# That 30 point buck



## Invector (Jan 13, 2006)

Had to post this: happy deer hunting

Let me tell you that
you no, it's not so much the heat,
as it is the gosh darn humidity.
You no when u sit there in the bed,
and your just sweaty you no? 
And you just, 
you go to reach for the water on the nightstand, 
and you slide right out of bed 
and the wife says,
"Stop making so much noise! Your waking me up, go to sleep!"
Well let me tell you,
(yeah?)
times like that, 
make me think bout movin up north,
you no? 
(good idea)
Ya I'd do it to.
Course then I couldn't watch the Packers.
You no the Packers are...
Cause I like the Packers.
I'd do nething for the Packers.
Who can forget Vince Lombardi, you no?
Back in the glory years?
Not me, boy.
Yeah nehow.
Gettin to be that time of year,
eh?(yeah, oh yeah)

Ya, I'm a deer hunter.
How do you do?
I got the deer huntin rep n tale for you.
I'm so excited, it's my favorite time of year.
I love to freeze my buns,
chasin trophy deer.
But don't clap your hands,
to the stompin of the feet,
because Yahey's like me, 
he can't keep a steady beat.
no, m mm,

I got the great big knife,
cause the hunting is my life.
It's my chance to drink beer and get away from the wife.
It's the boys night out,
acting stupidly,
say now, "baby, baby, don't you think maybe, how 'bout u n me, ya?
haha (get away!)(ow ow ow!)

Well we partied all night,
never made it to our bunks.
And I was sittin in the tree stand,
on the tree day, drunk.
Wind was blowin 45,
temp 30 below.
I was freezin to death,
then it started to snow.
So I got out from the tree stand,
start headin for the truck,
and thats when I seen it there,
the turdy point buck.

TURDY POINT BUCK?!
turdy point buck.
turdy point buck.
(turdy point buck)

Well, he was 8 foot tall,
weighed 12,000 pounds,
with every step there was a shake,
sh-shakin of the ground.
He was ruthaful, so beautiful.
Strutted right out of my dreams,
he was created by God,
just for outdoor magazines.

Now, I'm not much for thinkin,
no, I dont do it often,
but I had an idea.
(yeah, what was that?)
To put that turdy pointer,
right in his coffin, ya.
(turdy piont buck)

Couldn't get to my gernades,
(yeah rite)
the was in the shop,
my stomach was tied into a monkey knot.
Ya, my only hope was Betty Lou,
she was the one,
a combination AK 57 oozie radar laser triple-barrel double-scoped hit-seekin shotgun.
(turdy point buck)

Ya, the women clappin in the back there, I gotta make that.
Well he was comin toward me,
gettin bigger n bigger,
but my fingers were so frozen, 
I couldn't pull the trigger.
I kicked off my boots,
fired with my big toe,
I was Dirty Harry, John Wayne, n G.I. Joe.

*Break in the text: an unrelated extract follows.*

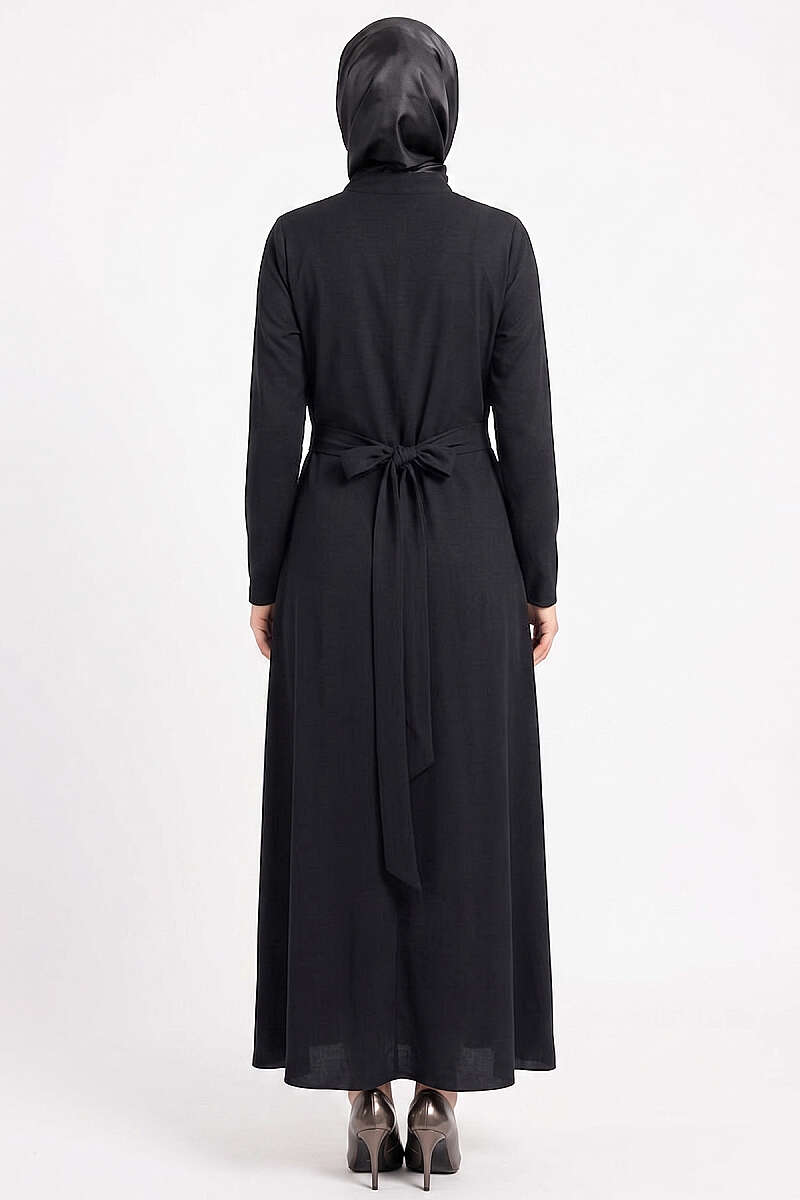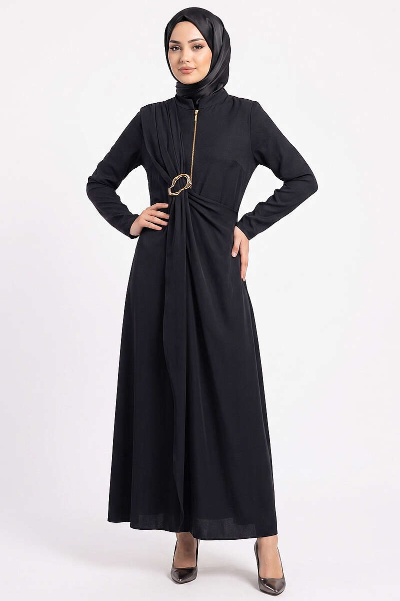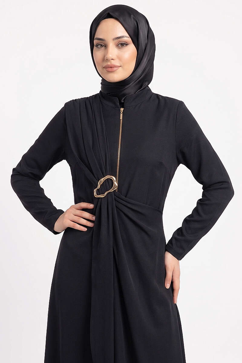 Yandan Bronşlu Büzgülü Elbise Siyah

Ya, that turdy point buck,
was only 10 feet away, ya,
still I coudln't seem to hit him,
and he wouldnt run away.
And after 20 minutes, 
when the smoke cleared,
there were hunters on the ground,
and the worlds biggest dear.
There, standin tall n proud,
he looked at me and yawned,
and then a flash of white,
n there he was...gone.
(oh its alrite clyde, dont worry about it)

Then 7 men got up,
n the one fell down.
A big lump of blaze orange,
shakin on the ground.
At first I thought he was one of the boys,
but it was that no brother good in law of mine,
from Illinois.
(only cheeseheads, send him back on the next plane)

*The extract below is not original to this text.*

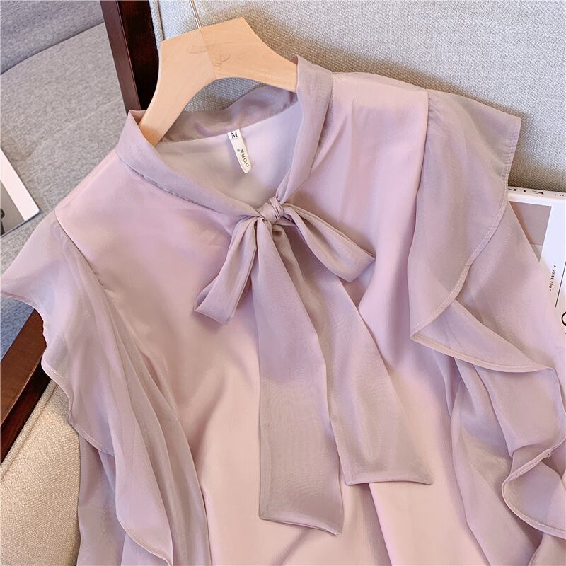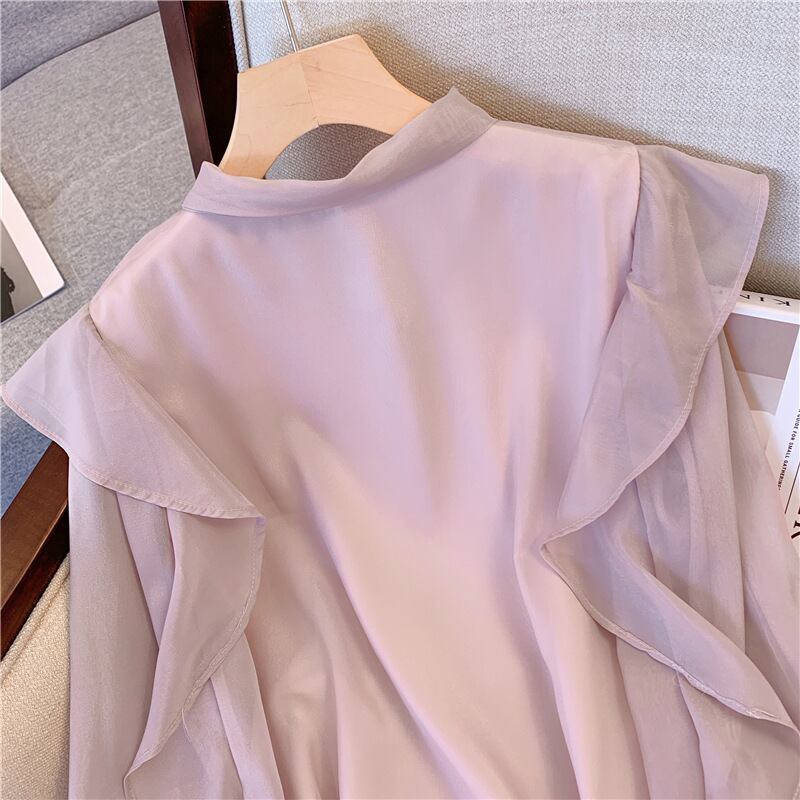 袖にあしらったフリルのボリューム感が可愛いシフォンブラウスです。

Did ya see the turdy pointer?
Did ya see the turdy pointer?
Did ya see the turdy pionter?
Did ya see the turdy pointer?

As we jumped into the truck,
and I'm gonna get that
turdy point buck.
Ya, I'm gonna get that turdy point buck.
I'm gonna get that turdy point buck.
(turdy point buck)
(Hey, there he goes! There he goes!)
I'm gonna get that turdy point buck.
(Come on guys! Lets go get him!)
Ya, I'm gonna get that turdy piont buck.
(Hey grab your gun man! I got my beer, and I got that hit-seeker)
If it's the last thing I do, 
I'm gonna get that turdy point, turdy point buck.
Haha
(tury point buck)


----------



## Duckslayer04 (Oct 2, 2005)

DA YOOPERS, ya u betcha thats were its at!!!!


----------



## Chris Schulz (Sep 7, 2004)

Duckslayer04 said:


> DA YOOPERS, ya u betcha thats were its at!!!!


I think its Bannana's at large or something like that?


----------